Is that really you on your driver’s license or passport photo?
That is the question facing border security officials, police, security staff and forensic scientists on a daily basis.
Upskilling people in these roles to make quick decisions about unfamiliar faces costs thousands of dollars and many hours in training.
Get it right, and Australia’s national security, criminal legal systems and citizen’s right to safety are protected. Make a mistake, and the results could be devastating to the lives of innocent people who are either wrongly convicted, or hurt by dangerous people slipping through the net.
But a simple ‘hack’ to the way staff are taught to be better at comparing faces can be learned in minutes, with clear benefits. In a study published today, UNSW scientists have shown focusing on someone’s ears and facial marks improves accuracy by 6 percent.
This is a significant increase because even experienced face identification staff can get as many as one in two wrong when it comes to comparing photos with unfamiliar faces.
In their new piece of research in the Journal of Experimental Psychology: Learning, Memory and Cognition, the UNSW scientists describe how a short online training course they designed taught people to do the opposite of what most facial recognition courses will teach you.
Rather than focus on the face holistically—which is the usual way the human brain processes faces—participants were directed to look at two specific areas of the face that turned out to be the strongest diagnostic features.
“By looking at the ears and facial markings like moles, freckles and scars, people can boost their natural ability in this task, with training that lasts just six minutes,” lead researcher Dr. Alice Towler says.

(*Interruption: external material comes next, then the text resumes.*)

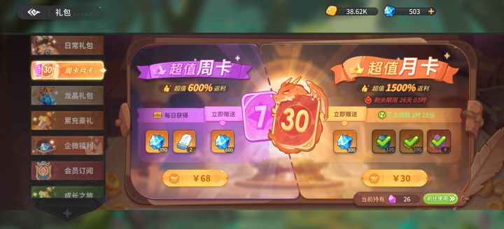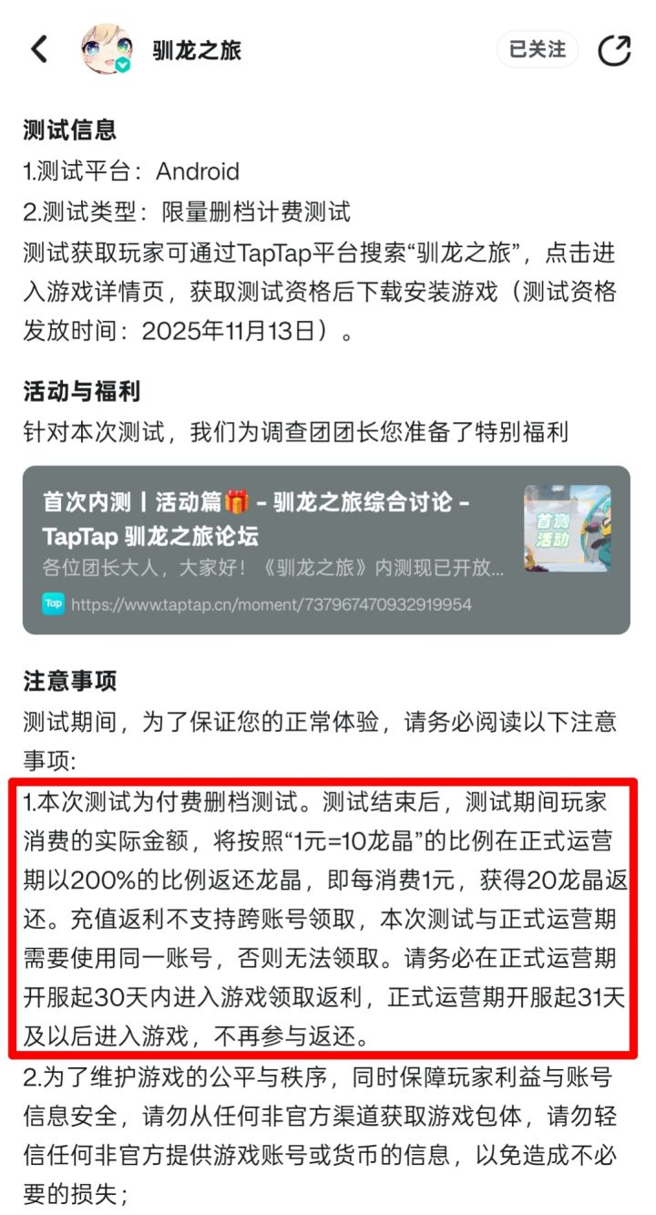 先上图图1为这次首测的氪金返还规则1元=10龙晶 200%返还。图2-7为各种通行证月卡订阅,加上已经消失的首充6元总共是6+30+30+30+30+68+68=262。按照图1的返还规则就是262×10×2=5240龙晶,公测只返还5240龙晶。按照1000龙晶10抽的价格,公测只返还只有50抽+240龙晶。因为钻石不能用于买礼包所以按抽卡算。公测只需要花68买图6的礼包就能获得3300

“It turns out that breaking up a face into parts—like a jigsaw—is a useful strategy when matching unfamiliar faces. This is something that only a small number of face recognition professionals have been trained to do.”
Dr. Towler and her colleagues at UNSW School of Psychology discovered that ears and facial markings were most useful when comparing faces in 2017 after studying the techniques used by professional facial examiners—a small group of specialist staff who prepare face identification evidence for court.
Facial examiners achieve high levels of accuracy by conducting slow, careful analysis of similarities and differences in individual facial features. They learn this strategy during on-the-job training over several months or even years. But the majority of people who use face identification in their roles complete much shorter training courses that range from only one hour to five days, with Dr. Towler and colleagues’ own research showing these courses aren’t very effective.
“Our analysis of the facial examiners’ skills revealed that they are onto something,” Dr. Towler says. “The ears and facial marks contain the most identity information of all the facial features.”
Earmarked for success
To test this hypothesis, Dr. Towler and her research team designed an experiment where two groups of novice face identifiers were given different training—one were told to focus on the ears and facial marks, the other, the face shape and mouth. By the end of the training, participants in the first group showed a 6 percent improvement on their abilities in matching unfamiliar faces, whereas those focusing on face shape and the mouth showed no change in their accuracy.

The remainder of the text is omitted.